> On December 29, 2022, we were alerted to suspicious GitHub OAuth activity by one of our customers. This notification kicked off a deeper review by CircleCI’s security team with GitHub.
> ...
> Review GitHub audit log files for unexpected commands such as ... repo.download_zip
I don't know what you'd get from GitHub other than source code but the CircleCI blog post explicitly describes the attacker downloading entire repos as a .zip
GitHub OAuth access credentials could be used to compromise OAuth-authenticated apps. And GitHub personal access tokens with too broad of permissions could download pretty much anything, including any secrets stored in GitHub Actions.
But getting the source code is pretty bad by itself.

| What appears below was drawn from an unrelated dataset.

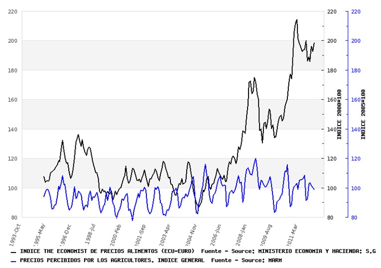La razón de este extraño desacople no es que los precios de los alimentos estén deprimidos en todo el mundo, como podemos ver en el gráfico siguiente. Desde 1996 hasta 2006 los precios internacionales y los españoles evolucionaron en paralelo, e incluso con una pequeña ventaja para los productos españoles. Sin embargo, y a partir de 2006, el desacople ha sido brutal. Los precios internacionales se han duplicado mientras que los españoles no han subido absolutamente nada.

Not from an intellectual property standpoint, but because I've never seen a company whose developers didn't commit live credentials into their source code.
If they had access to GitHub Actions creds, I'm assuming the attackers could also push releases. I wonder how much malware is now in the wild because of this breach
> I've never seen a company whose developers didn't commit live credentials into their source code.
I don’t do that, but I’m pretty pathological about stuff like that.
I learned it from the company I used to work for, who were paranoid to the point of lunacy, about Chinese hackers (they were breached once, and took the lesson to extremes).
I don’t think they are an outlier. I’ll bet lots of companies are just as tinfoil.
It’s a downright unbearable development environment, though.
Github secrets are encrypted, right? I didn't think there was any way to access them without running a github actions job that deliberately uploads them somewhere else (or echos them into the log with rot13/base64 or something else).
The article is referring to how the attacker could use the stolen github tokens to download someone's source code. The source code isn't coming from CircleCI
CircleCI has listed literally every kind of credential used by its users as vulnerable. This includes deploy keys that are used to download source code. Anyone who has access to customer data, and a deploy key, can just check out the source code, instantly.
The extent to which CircleCI has gone to eliminate all threats is... scary. They've gotten GitHub to invalidate any GitHub access tokens used by a CircleCI customer. They've gotten AWS to e-mail AWS customers if one of their access keys was stored in CircleCI. It's a complete and total compromise of literally every customer secret in CircleCI. I expect this will be the biggest hack of 2023... and it's still January.
So, yeah, I'm pretty sure customer source code is up for grabs.